Ms du Plessis-Allan told her listeners pension portability for Niueans amounted to "welfare sponging".
In April, the government here announced that from 2019, Niueans, Tokelauans and Cook Islanders would no longer need to return to New Zealand late in life to get New Zealand pensions.
"What is that if not acting like a welfare sponge? What is that if not sponging off New Zealand? Do we exist in New Zealand to fund Pacific islands?" she asked on Newstalk ZB last Tuesday.
Niueans - or other Pacific people for that matter - wouldn't get a pension if they were not entitled to one by living here in New Zealand in the first place - and incentivising pensioners to relocate could help reduce economic dependence on New Zealand.
"It is expected that [this] will help boost economic development and human resource capacity by allowing highly skilled people to continue contributing to their communities in these Pacific islands," Minister for Social Development Carmel Sepuloni said at the time.
Employers using temporary migration work visas would disagree with Ms du Plessis-Allan's claim New Zealand "gets nothing" from the Pacific Islands - and so would other New Zealand businesses.
In dollar terms, New Zealand exports roughly 13 times as much as it imports from Pacific Island countries, according to MFAT statistics.

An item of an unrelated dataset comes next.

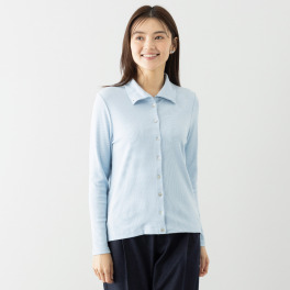 縦の細かな畝が生み出す、スタイルアップの魔法。ボタンの開け方で、さまざまな着こなしを楽しめる一着。

More than 100,000 Pacific Island residents visit New Zealand every year, and around 300,000 New Zealanders go the other way - mostly on holiday.
The "hellhole" of Nauru
Ms du Plessis-Allan also insisted it's a fact that Nauru is a “hellhole."
She was not the only journalist to say so.
"It reveals the astonishing ignorance of Pacific history by the majority of New Zealanders," said veteran Pacific affairs journalist Michael Field on Facebook.
"Nauru might be a 'hellhole' and there is a reason for it - New Zealand and Australia destroyed it," he wrote.
The island’s landscape has been ravaged by intensive and badly managed mining of phosphate, which is running out.
In a Stuff series about New Zealand’s heavy use of fertiliser published this week, Growing Pain, correspondent Charlie Mitchell said New Zealand imports of phosphate from Nauru had paid off handsomely.
"New Zealand enjoyed decades of cheap phosphate, which became lucrative meat and wool. Few things are as responsible for the country's economic successes as the exploitation of its Pacific neighbours," he wrote.
TVNZ’s long-serving Pacific affairs reporter Barbara Dreaver was in Nauru for the Pacific Islands Forum last week when Ms du Plessis-Allan called the Pacific Islands "leeches" on air.
"Now that the phosphate dust has settled and the shameless self-promoting headlines about the Pacific being 'leeches' and a waste of time and money have lost their hysterical edge - let's take a look at some facts," she wrote on the TVNZ website this week.
"New Zealand needs the Pacific as much as the Pacific needs New Zealand," Ms Dreaver said.
Some countries made it clear they did not need New Zealand at all, she said, which was all the more reason to engage with them.
And Barbara Dreaver wound up with this thought:
"As someone who has lived and worked in the region for nearly 30 years I have nothing but contempt for the sheer ignorance I have been reading from those whose idea of the Pacific is lying poolside at Denarau with a pina colada."
- TVNZ Pacific Affairs reporter Barbara Dreaver
She did not say where the “sheer ignorance” came from but the reference to "leeches" was a clue as to why she made that comment.